Accordingly, a genuine issue of material fact remains as to the issue of a causal connection.
3. Qualified Immunity
Last, Leavitt contends that he is entitled to qualified immunity. The doctrine of qualified immunity provides that government officials performing discretionary functions are generally shielded from liability for civil damages insofar as their conduct does not violate clearly established statutory or constitutional right of which a reasonable person would have known. Harlow v. Fitzgerald, 457 U.S. 800, 818 (1982); Dietrich v. Burrows, 167 F.3d 1007, 1012 (6th Cir. 1999). An “objective legal reasonableness” test is used to determine whether the official could reasonably have believed his conduct was lawful. Anderson v. Creighton, 483 U.S. 635, 639 (1987). “Qualified immunity balances two important interests-the need to hold public officials accountable when they exercise power irresponsibly and the need to shield officials from harassment, distraction, and liability when they perform their duties reasonably.” Pearson v. Callahan, 555 U.S. 223, 231 (2009).
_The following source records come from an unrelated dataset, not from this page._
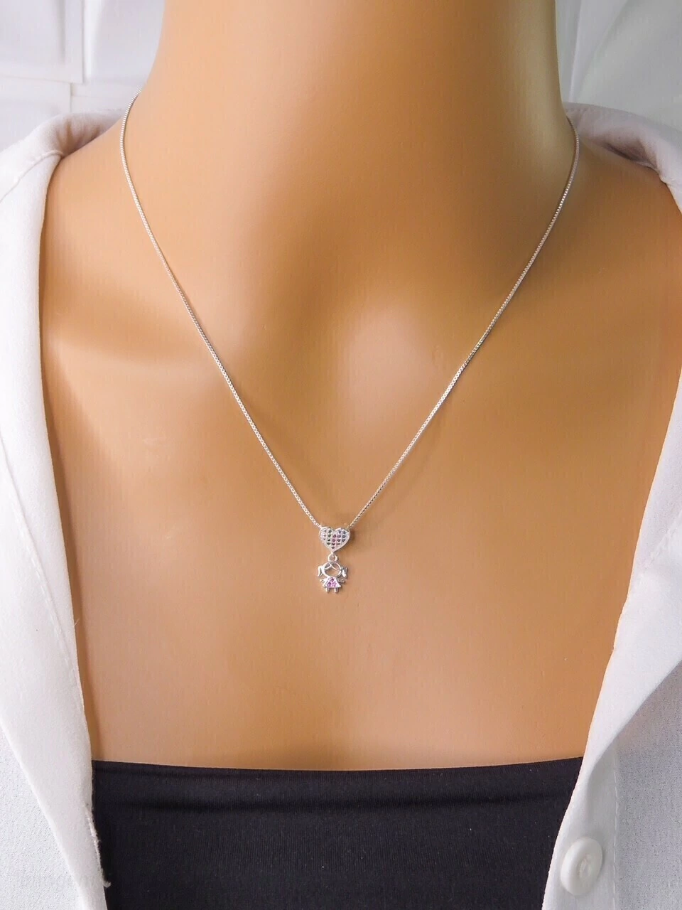 COLAR FOLHEADO A PRATA - CORRENTE VENEZIANA FILHA CORAÇÃO CRAVEJADO ZIRCONIA
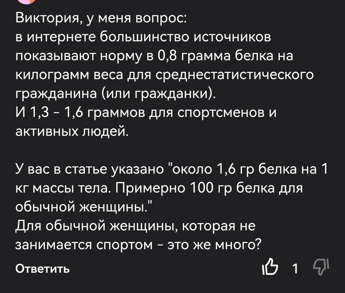 "Вика, откуда такие конские дозировки - 1,6 гр белка на 1 кг нормального веса?"
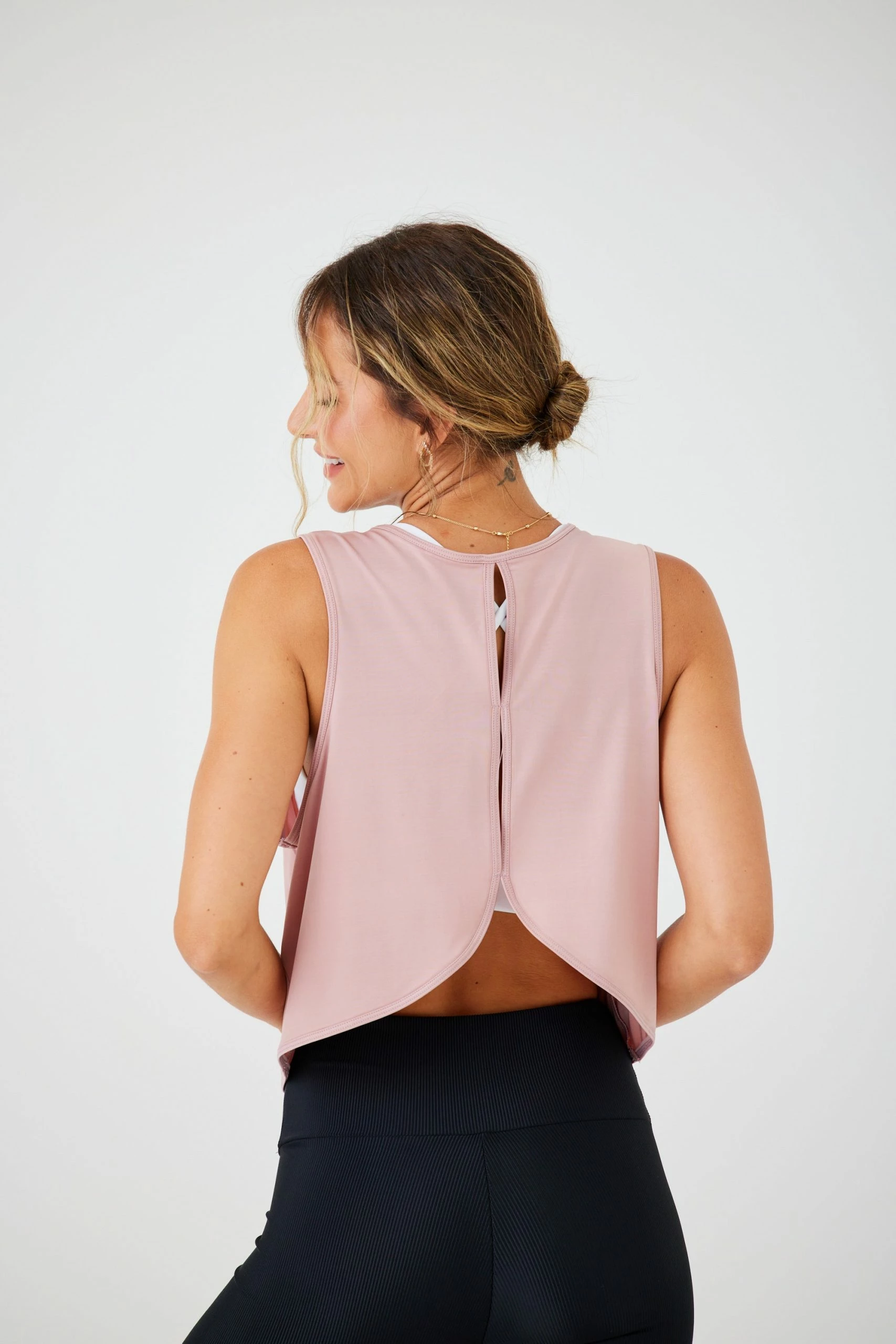 The Runner Tank is a relaxed fit, drappy, crewneck sleeveless tank top featuring our best selling glossy flow fabrication that is a quick-drying lightweight spandex/jersey blend you can wear in the hot room over one of our Bra Tops or as a cover-up piece after class. With an adorable tulip shaped hem, this style is both feminine and functional.

The qualified immunity inquiry requires a court to decide whether the facts as alleged or shown make out a constitutional violation and whether the right that was allegedly violated was a clearly established right at the time of the alleged misconduct. Id. at 232. If the court can conclude that either no constitutional violation occurred or that the right was not clearly established, qualified immunity is warranted. The court may consider either prong of the inquiry without regard to sequence. Id. at 236. As discussed above, an issue of fact remains as to whether Leavitt retaliated against Plaintiff for filing a grievance on April 22, 2020. The filing of a prisoner grievance is constitutionally protected conduct for which a prisoner cannot be subjected to retaliation, and that right was clearly established. See Smith, 250 F.3d at 1037. Accordingly, Leavitt is not entitled to qualified immunity on Plaintiff's claim.
B. Motion for Declaratory Judgment
Plaintiff moves for a declaratory judgment, but he does not specify what he seeks the Court to declare. In fact, he does not ask the Court to declare anything. Instead, he complains that Leavitt submitted a corrected affidavit (ECF No. 64) after Plaintiff filed his response. (ECF No. 67 at PageID.471.) Plaintiff contends that the corrected affidavit, which submits Leavitt's complete affidavit that ECF No. 54 omitted, is an attempt to create “a sham factual issue by addressing those objections raised by [Plaintiff]” in his response. (Id.) Contrary to Plaintiff's argument, the corrected affidavit simply corrects counsel's previous filing error and does not attempt to create a sham factual issue. Moreover, as noted above, an issue of fact remains that precludes granting Leavitt's motion for summary judgment. Therefore, the harm that Plaintiff identifies in his motion does not exist.
Accordingly, Plaintiff fails to demonstrate an appropriate basis for a declaratory judgment, and his motion should be denied.
IV. Conclusion
For the reasons set forth above, I recommend that the Court deny Leavitt's motion for summary judgment and Plaintiff's motion for a declaratory judgment (ECF Nos. 52 and 67).
NOTICE
OBJECTIONS to this Report and Recommendation must be filed with the Clerk of Court within 14 days of the date of service of this notice. 28 U.S.C. § 636(b)(1)(C). Failure to file objections within the specified time waives the right to appeal the District Court's order. See Thomas v. Arn, 474 U.S. 140 (1985); United States v. Walters, 638 F.2d 947 (6th Cir. 1981).